11月20日(日)に、モノレールの隅の方、流通センターで行われる文学フリマ東京35でかみしのが寄稿したものなどのお品書きとちょっとしたエッセイです。

胎動短歌 Collective vol.2(き-20)

『胎動短歌』には「害虫感覚IV」という8首の連作を掲載しています。創刊号が出たのも、もう五年くらい前で、ぼくは初谷むいさんと穂村弘さんをはじめとしたメンバーの豪華さに惹かれて当時の文学フリマで購入した。ステッカーをもらったことを覚えている。それからしばらくして、ラッパーのGOMESSのライブを見に行ったとき、本当に偶然に主宰のikomaさんと話す機会がうまれた。「第二号を待っています」と、ようやく伝えることができたのである。そのライブからも数年が立って、そのときのことを覚えていてくださったikomaさんから第二号のお誘いがあった。そういう運命の巡った同人誌だ。メンバーも相変わらず豪華で、総合誌ではまず有り得ない組み合わせ、これはほとんど音楽フェスだ。そのきっかけになったGOMESSも、更には大学生のときから聞いている狐火までが参加している。すごい本ですよ、これは。

ELITES vol.6 (あ-23~24)

『ELITES』には「mitleid」という9首の連作を掲載しています。エリーツの二次創作、具体的には滝本竜彦『ネガティブハッピー・チェーンソーエッヂ』、佐藤友哉『星の海にむけての夜想曲』、海猫沢めろん『左巻キ式ラストリゾート』へのオマージュだ。昔、ART-SCHOOLの曲に短歌を作ったことがあって、そのときにも思ったことだけれど、オマージュというのは難しい。と、いうよりぼくには不可能だ。それはオリジナルが偉大すぎるからである。だからぼくは町田康が中原中也に対して行ったように、あるいは最果タヒが百人一首に対して行ったように、共に振れること、共振することを選んだ。音楽っていうのはそういうことだと思う。だからいわゆるオマージュとはちょっと違うかもしれません。タイトルの説明なんて普段はしないのだけど「mitleid」はショーペンハウアーの提唱する「共苦」の原語です。トロンさんはエリーツの楽曲、岩倉さんはphaさんのシェアハウスについての短歌のようなので、期せずしてバランス(?)がとれているようで、そういうのもやっぱり宇宙意思だ。

青春ヘラ ver.4(Y-01)

座談会「音楽・写真・短歌から見たエモ」で参加しています。こちらは既刊本であるのですでに手に取っていただいた方もいるかもしれませんが、巷で話題の『青春ヘラ』が最新刊も引っさげて文フリに参加するようです。うちださんとアオトケイさんとの鼎談は、何よりぼくにとって楽しい経験で、話しながらいろいろなことを考えた。話し終えてみて、どうやらここで共通認識されている「エモ」とぼくの思う「エモ」はちょっと違っているようだった。それはたとえばハイデガーの決断と覚悟の対応なのかもしれないし、祈りと呪いの違いかもしれないし、うちださんがちらっと喋っていた感傷と感情の違いかもしれない。都会のエモ、田舎のエモという抽象概念は、実は同根のもので、それとの対立項として郊外のエモとでも呼ぶものが存在している気が、最近はしている。そうして、それこそがエモーショナルな胎動なのだ。そういうことを思えるようになったのもこの本があったからで、「エモ」を信望する人も、批判する人も、ぜひ手にとってもらいたい一冊である。
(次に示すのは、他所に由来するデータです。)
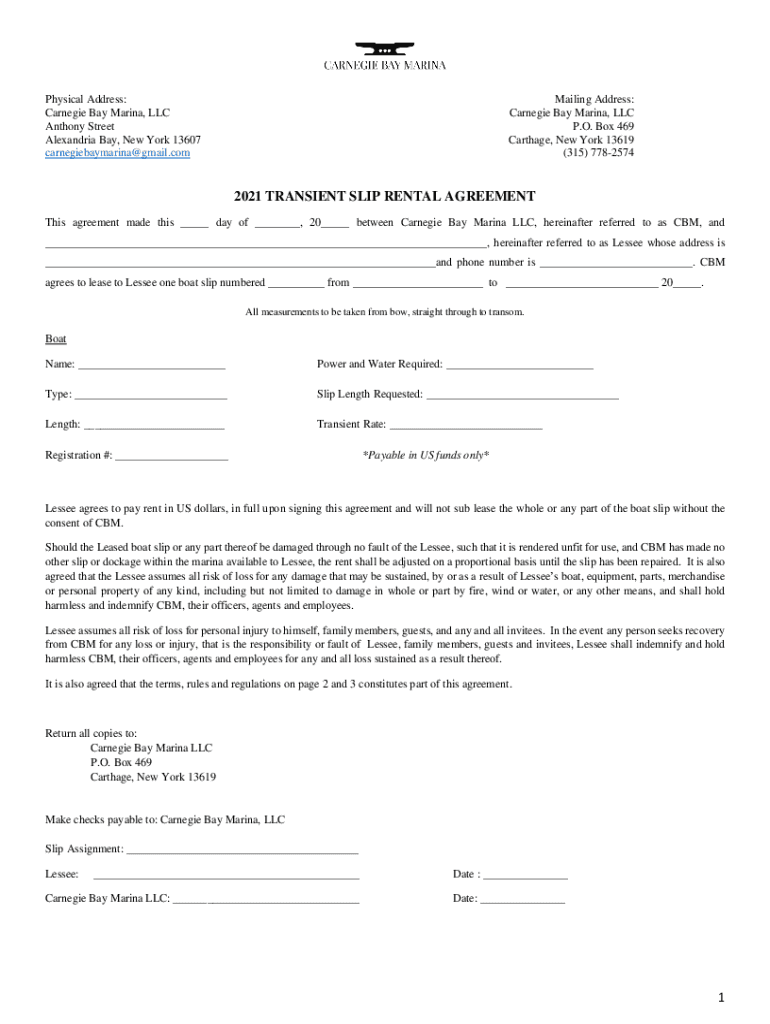 Physical Address: Carnegie Bay Marina, LLC Anthony Street Alexandria Bay, New York 13607 carnegiebaymarina@gmail.comMailing Address: Carnegie Bay Marina, LLC P.O. Box 469 Carthage, New York 13619
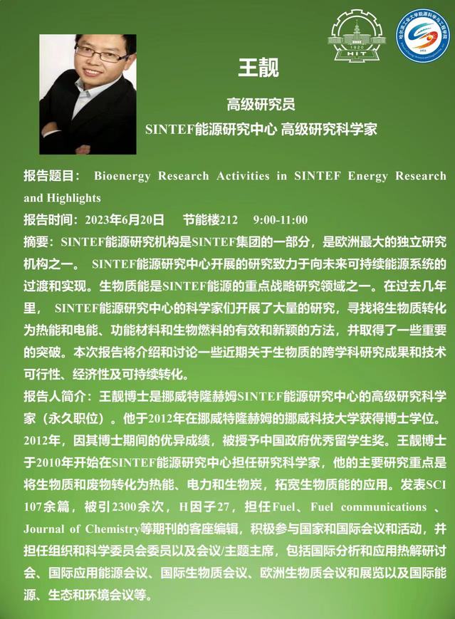 报告人简介:王靓博士是挪威特隆赫姆SINTEF能源研究中心的高级研究科学家(永久职位)。他于2012年在挪威特隆赫姆的挪威科技大学获得博士学位。2012年,因其博土期间的优异成绩,被授予中国政府优秀留学生奖。王靓博土于2010年开始在SINTEF能源研究中心担任研究科学家,他的主要研究重点是将生物质和废物转化为热能,电力和生物炭,拓宽生物质能的应用,发表SCI 107余篇,被引2300余次,H因子27,担任FuelFuel communications Journal of Chemistry等期刊的客座编辑,积极参与国家和国际会议和活动,并担任组织和科学委员会委员以及会议/主题主席,包括国际分析和应用热解研讨会,国际应用能源会议、国际生物质会议、欧洲生物质会议和展览以及国际能源、生态和环境会议等。
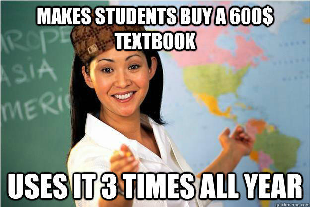 Makes students buy a 600$ textbook uses it 3 times all year
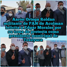 Felicito a Edgar Morales por su toma de protesta como presidente municipal de Tezoyuca,su amigo Aarón Ortega, le desea lo mejor en su período 2022-2024.
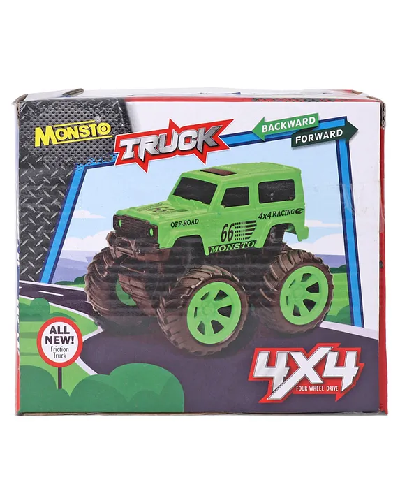 Monsto Monster Friction Monster Toy Truck Green Product Information Specifications, Package InfoKey FeaturesMade of non toxic and safe plastic materialHas smooth and non- edge surfaceThe truck is made of plastic tyres offering a smooth movement. Ideal as a decorative piece, this truck has a very smooth movement. Keeping in mind the children’s safety, innovative designs, and high manufacturing standards.The Monster truck ensures maximum safety and durability. It will be a perfect toy for your kid to play with and will surely be a wonderful addition to your kid’s toy collection. It will become your kid’s favourite in no time, so make your little one happy and see the smile on the face by gifting this car.Specifications

その他、書肆侃侃房さんのブース(第二展示場く-03)にも短時間ですが立たせてもらう予定になっています。『エモーショナルきりん大全』を売ります。サインと、求められればそれ以外(一首や犬、花など)も書きますし、もってきていただいた本にもサインいたします。

間に合うようだったら函館の蔦屋で開催されているフェアに寄せた文章(+α)もフリーペーパーにしてもっていこうかと思います。17時くらいまでは会場や喫煙所をふらふらしていると思いますので、DMやリプライや声掛けをいただければと思います。善き文学フリマを。